YOUR GOAL =
Your job is to print, exactly, the lines in the data below from the line with "Foram encontrados 42,34Kg" through the line with "初、三、五句における墨継ぎ:あり,上下句", both included, and to omit any picture.

STUDY MATERIAL =
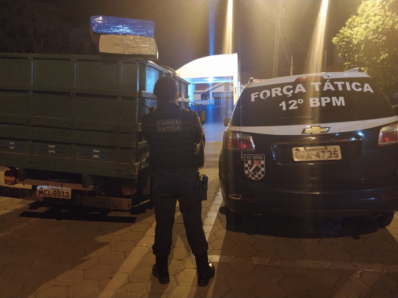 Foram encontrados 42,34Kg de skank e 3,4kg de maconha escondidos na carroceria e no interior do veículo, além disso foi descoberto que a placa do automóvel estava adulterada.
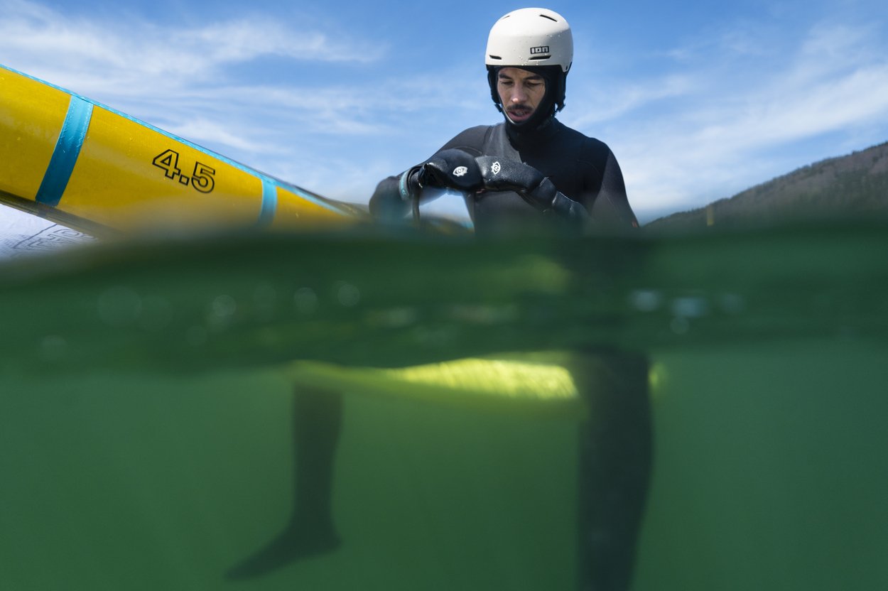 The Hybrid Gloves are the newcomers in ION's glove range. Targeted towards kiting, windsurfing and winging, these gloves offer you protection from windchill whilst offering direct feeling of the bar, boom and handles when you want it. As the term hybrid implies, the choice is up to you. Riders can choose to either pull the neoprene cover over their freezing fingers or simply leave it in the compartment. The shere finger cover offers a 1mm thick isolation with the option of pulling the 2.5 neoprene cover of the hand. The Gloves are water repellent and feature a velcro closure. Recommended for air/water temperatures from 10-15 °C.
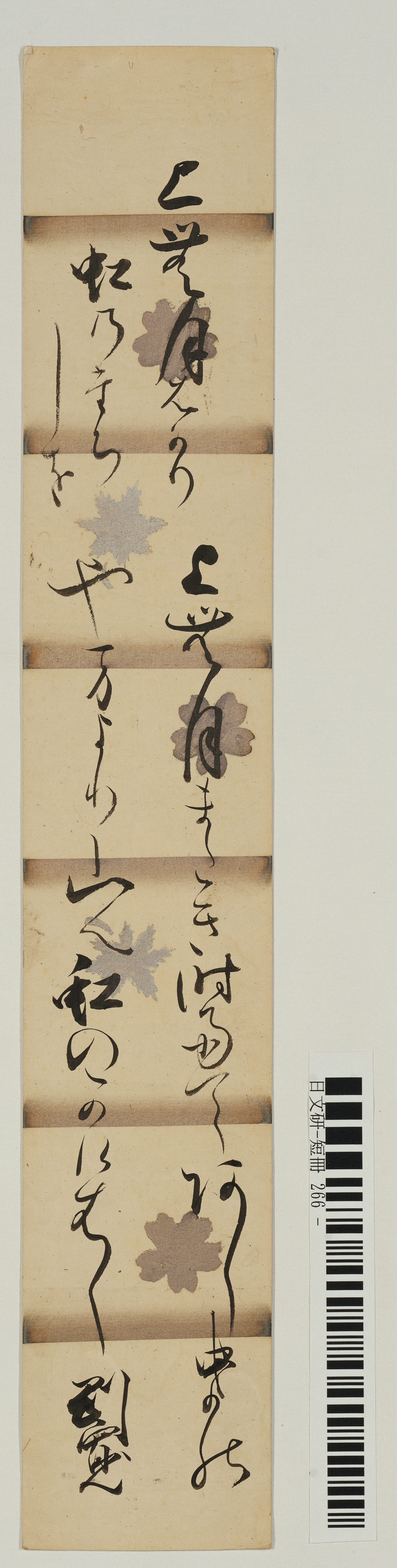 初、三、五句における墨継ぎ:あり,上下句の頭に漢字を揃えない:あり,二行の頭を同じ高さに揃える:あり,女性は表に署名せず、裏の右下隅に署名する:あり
* * *
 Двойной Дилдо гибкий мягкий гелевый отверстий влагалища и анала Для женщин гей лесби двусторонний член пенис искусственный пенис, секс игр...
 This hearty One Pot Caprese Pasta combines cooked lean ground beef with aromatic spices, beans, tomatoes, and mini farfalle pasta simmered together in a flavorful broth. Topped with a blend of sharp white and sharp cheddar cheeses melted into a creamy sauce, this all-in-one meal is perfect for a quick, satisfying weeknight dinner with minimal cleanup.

SOLUTION TO THE PROBLEM =
 Foram encontrados 42,34Kg de skank e 3,4kg de maconha escondidos na carroceria e no interior do veículo, além disso foi descoberto que a placa do automóvel estava adulterada.
 The Hybrid Gloves are the newcomers in ION's glove range. Targeted towards kiting, windsurfing and winging, these gloves offer you protection from windchill whilst offering direct feeling of the bar, boom and handles when you want it. As the term hybrid implies, the choice is up to you. Riders can choose to either pull the neoprene cover over their freezing fingers or simply leave it in the compartment. The shere finger cover offers a 1mm thick isolation with the option of pulling the 2.5 neoprene cover of the hand. The Gloves are water repellent and feature a velcro closure. Recommended for air/water temperatures from 10-15 °C.
 初、三、五句における墨継ぎ:あり,上下句の頭に漢字を揃えない:あり,二行の頭を同じ高さに揃える:あり,女性は表に署名せず、裏の右下隅に署名する:あり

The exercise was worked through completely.